Length Generalization Bounds for Transformers
This addresses a foundational theoretical problem for machine learning researchers, showing inherent limitations in guaranteeing generalization for transformers, which is incremental on prior partial results.
The paper tackled the open problem of computing length generalization bounds for CRASP, a language class linked to transformers, by proving that computable bounds do not exist for CRASP with two or more layers, but providing a computable exponential bound for positive CRASP and fixed-precision transformers, with optimality shown.

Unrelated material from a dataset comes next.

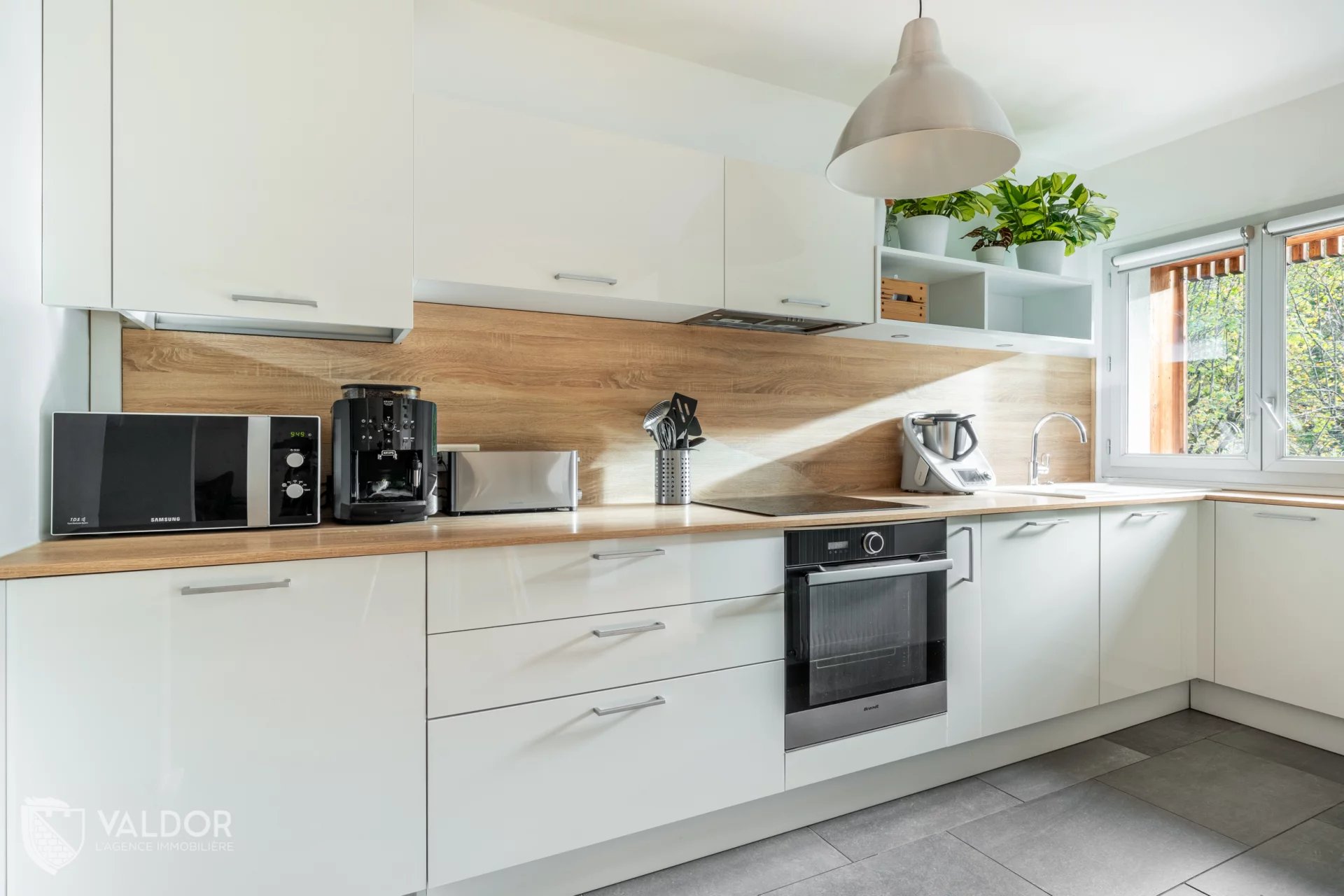 Son agencement est particulièrement fonctionnel : l’espace de vie offre un séjour spacieux et lumineux, ouvert sur une cuisine moderne. Une arrière-cuisine permet d’y installer les équipements volumineux (réfrigérateur, sèche-linge) tout en offrant un espace de rangement supplémentaire.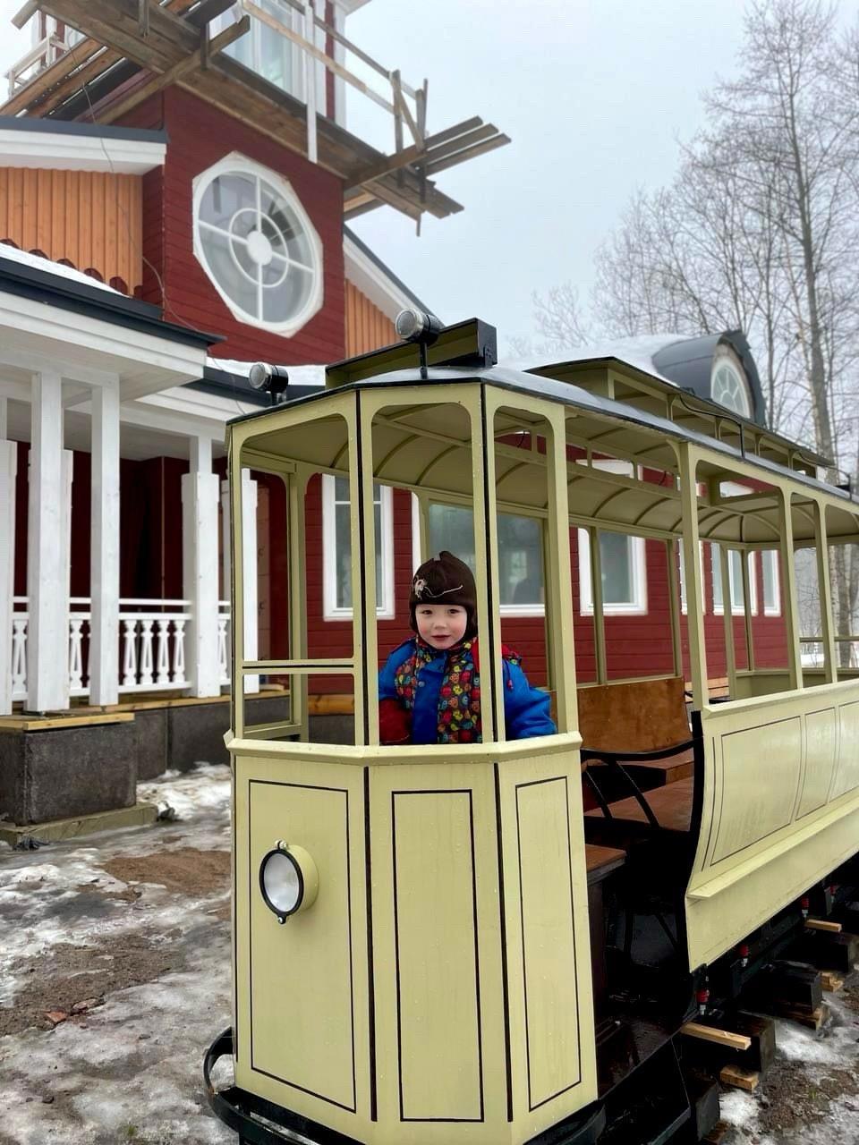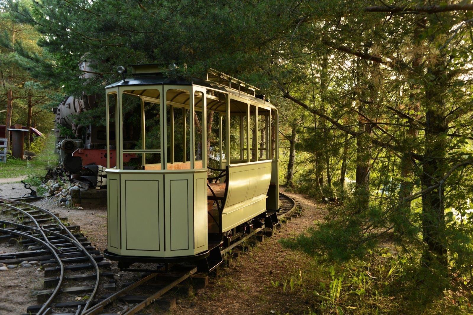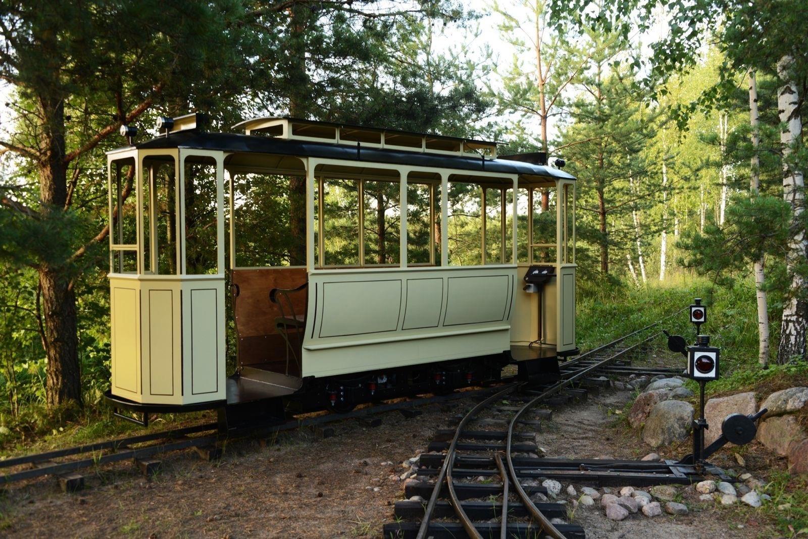 Это точная копия выборгского трамвайчика, созданная талантливым инженером Павлом Чилиным (очень рекомендуем узнать больше об этом мастере).

Length generalization is a key property of a learning algorithm that enables it to make correct predictions on inputs of any length, given finite training data. To provide such a guarantee, one needs to be able to compute a length generalization bound, beyond which the model is guaranteed to generalize. This paper concerns the open problem of the computability of such generalization bounds for CRASP, a class of languages which is closely linked to transformers. A positive partial result was recently shown by Chen et al. for CRASP with only one layer and, under some restrictions, also with two layers. We provide complete answers to the above open problem. Our main result is the non-existence of computable length generalization bounds for CRASP (already with two layers) and hence for transformers. To complement this, we provide a computable bound for the positive fragment of CRASP, which we show equivalent to fixed-precision transformers. For both positive CRASP and fixed-precision transformers, we show that the length complexity is exponential, and prove optimality of the bounds.